- _Exercise goal_: Copy out each line containing "blue" from the entries below.

*** Excerpted data Section Begins ***

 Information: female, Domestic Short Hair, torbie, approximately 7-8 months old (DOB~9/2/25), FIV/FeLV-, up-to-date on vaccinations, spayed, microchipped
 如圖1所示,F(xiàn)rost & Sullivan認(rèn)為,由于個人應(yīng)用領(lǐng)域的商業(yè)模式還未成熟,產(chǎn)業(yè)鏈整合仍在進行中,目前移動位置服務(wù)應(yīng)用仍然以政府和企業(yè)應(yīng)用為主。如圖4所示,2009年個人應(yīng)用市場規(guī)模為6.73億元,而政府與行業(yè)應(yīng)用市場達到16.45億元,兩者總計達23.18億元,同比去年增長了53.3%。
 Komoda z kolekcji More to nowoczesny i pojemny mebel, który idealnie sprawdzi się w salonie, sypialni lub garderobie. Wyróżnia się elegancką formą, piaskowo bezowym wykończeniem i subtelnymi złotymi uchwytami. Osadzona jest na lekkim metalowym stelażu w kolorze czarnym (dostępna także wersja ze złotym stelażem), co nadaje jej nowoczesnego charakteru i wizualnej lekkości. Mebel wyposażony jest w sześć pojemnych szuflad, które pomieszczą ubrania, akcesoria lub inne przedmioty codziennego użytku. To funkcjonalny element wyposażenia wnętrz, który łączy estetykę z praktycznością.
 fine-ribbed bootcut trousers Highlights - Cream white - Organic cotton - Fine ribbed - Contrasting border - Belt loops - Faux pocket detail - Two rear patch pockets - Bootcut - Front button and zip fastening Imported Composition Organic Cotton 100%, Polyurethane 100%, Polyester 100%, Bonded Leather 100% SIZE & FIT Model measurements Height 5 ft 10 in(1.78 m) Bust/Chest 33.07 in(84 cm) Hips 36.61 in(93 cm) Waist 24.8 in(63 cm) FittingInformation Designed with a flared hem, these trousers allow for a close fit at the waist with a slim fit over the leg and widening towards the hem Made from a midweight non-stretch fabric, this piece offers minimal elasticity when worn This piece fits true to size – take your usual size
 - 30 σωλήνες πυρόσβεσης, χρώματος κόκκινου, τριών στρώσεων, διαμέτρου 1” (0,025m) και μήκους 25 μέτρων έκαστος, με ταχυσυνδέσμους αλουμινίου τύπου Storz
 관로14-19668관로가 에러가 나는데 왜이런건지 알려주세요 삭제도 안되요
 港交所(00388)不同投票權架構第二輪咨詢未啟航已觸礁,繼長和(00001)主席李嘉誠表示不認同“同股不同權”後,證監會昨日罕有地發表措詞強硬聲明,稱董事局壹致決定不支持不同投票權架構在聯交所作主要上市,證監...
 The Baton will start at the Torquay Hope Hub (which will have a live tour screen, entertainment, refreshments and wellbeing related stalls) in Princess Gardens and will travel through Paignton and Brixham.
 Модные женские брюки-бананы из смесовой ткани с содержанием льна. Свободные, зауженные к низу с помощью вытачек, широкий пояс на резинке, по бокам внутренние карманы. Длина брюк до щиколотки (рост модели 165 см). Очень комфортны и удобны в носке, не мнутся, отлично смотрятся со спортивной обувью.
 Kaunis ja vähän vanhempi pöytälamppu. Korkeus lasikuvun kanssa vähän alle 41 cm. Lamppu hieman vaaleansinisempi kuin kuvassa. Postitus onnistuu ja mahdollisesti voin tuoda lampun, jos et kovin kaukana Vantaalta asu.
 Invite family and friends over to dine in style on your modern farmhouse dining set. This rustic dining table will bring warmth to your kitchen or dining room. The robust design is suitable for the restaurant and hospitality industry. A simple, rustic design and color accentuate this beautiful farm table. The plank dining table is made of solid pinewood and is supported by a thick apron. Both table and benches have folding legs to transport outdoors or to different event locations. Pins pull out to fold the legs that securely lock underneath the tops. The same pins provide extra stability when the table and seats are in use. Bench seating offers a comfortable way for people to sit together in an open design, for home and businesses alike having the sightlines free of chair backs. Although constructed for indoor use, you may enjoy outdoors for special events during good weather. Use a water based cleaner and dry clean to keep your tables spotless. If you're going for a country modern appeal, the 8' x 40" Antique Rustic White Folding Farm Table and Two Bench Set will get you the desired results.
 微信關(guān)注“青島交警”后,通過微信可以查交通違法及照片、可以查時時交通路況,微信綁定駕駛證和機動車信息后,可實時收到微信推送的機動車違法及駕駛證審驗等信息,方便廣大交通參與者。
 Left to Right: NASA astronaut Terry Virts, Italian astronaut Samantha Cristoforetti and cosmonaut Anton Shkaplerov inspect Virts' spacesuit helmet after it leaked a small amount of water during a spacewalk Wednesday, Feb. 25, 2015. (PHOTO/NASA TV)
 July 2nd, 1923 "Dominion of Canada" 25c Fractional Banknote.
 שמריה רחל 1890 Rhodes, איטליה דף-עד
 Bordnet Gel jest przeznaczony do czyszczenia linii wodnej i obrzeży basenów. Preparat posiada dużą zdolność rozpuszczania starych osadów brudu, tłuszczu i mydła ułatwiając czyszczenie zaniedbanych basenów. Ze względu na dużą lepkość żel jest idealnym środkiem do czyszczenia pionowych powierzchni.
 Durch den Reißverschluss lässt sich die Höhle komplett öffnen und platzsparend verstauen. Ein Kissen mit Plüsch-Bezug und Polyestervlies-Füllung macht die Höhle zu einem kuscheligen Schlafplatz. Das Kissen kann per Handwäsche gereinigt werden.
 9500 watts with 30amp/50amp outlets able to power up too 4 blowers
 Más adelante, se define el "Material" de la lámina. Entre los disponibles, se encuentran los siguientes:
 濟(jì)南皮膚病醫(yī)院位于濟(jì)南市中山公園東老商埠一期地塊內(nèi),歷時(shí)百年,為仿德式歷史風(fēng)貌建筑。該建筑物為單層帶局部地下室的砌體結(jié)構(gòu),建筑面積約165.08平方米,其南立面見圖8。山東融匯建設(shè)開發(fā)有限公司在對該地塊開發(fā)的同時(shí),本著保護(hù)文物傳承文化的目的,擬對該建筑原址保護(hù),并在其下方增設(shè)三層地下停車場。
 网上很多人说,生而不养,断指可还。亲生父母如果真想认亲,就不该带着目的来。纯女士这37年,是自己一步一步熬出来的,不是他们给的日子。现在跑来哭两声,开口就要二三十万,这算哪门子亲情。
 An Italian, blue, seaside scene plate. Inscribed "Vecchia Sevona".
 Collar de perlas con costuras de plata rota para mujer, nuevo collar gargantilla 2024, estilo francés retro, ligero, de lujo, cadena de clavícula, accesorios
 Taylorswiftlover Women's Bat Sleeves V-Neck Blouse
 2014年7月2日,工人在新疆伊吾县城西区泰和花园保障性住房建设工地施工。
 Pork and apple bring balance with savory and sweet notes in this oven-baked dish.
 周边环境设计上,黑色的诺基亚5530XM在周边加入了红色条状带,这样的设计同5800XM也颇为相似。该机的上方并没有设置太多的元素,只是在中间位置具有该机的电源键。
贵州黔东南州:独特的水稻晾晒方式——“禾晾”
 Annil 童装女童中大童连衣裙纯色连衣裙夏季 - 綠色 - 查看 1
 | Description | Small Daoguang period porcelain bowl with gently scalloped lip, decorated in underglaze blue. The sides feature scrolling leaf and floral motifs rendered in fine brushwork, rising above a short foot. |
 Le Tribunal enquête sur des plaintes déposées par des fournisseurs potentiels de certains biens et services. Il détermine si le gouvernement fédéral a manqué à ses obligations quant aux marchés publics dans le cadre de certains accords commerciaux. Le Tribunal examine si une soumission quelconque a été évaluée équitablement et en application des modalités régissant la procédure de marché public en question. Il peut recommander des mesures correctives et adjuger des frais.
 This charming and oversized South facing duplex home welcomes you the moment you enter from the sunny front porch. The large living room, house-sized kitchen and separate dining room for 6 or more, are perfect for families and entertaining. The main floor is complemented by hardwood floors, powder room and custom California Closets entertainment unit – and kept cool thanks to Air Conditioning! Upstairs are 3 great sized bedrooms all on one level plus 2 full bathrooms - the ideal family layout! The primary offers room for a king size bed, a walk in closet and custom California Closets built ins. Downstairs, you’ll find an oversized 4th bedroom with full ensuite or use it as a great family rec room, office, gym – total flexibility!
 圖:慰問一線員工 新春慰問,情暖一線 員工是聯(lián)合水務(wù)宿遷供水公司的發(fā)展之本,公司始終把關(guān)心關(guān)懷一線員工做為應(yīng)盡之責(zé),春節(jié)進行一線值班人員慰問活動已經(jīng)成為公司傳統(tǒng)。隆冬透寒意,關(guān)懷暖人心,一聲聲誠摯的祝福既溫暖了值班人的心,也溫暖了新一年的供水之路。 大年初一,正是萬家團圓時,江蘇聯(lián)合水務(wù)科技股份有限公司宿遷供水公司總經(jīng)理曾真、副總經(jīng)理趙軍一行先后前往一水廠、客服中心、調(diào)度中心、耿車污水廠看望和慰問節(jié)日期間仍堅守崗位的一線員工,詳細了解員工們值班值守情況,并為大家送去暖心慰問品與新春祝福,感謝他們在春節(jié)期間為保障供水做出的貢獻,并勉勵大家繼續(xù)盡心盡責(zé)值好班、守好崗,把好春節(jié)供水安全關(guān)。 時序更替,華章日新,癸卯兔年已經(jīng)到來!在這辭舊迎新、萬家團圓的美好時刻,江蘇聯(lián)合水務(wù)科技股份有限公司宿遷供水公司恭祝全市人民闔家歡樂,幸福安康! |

*** Excerpted data Section Ends ***

- _Answer below_:
 An Italian, blue, seaside scene plate. Inscribed "Vecchia Sevona".
 | Description | Small Daoguang period porcelain bowl with gently scalloped lip, decorated in underglaze blue. The sides feature scrolling leaf and floral motifs rendered in fine brushwork, rising above a short foot. |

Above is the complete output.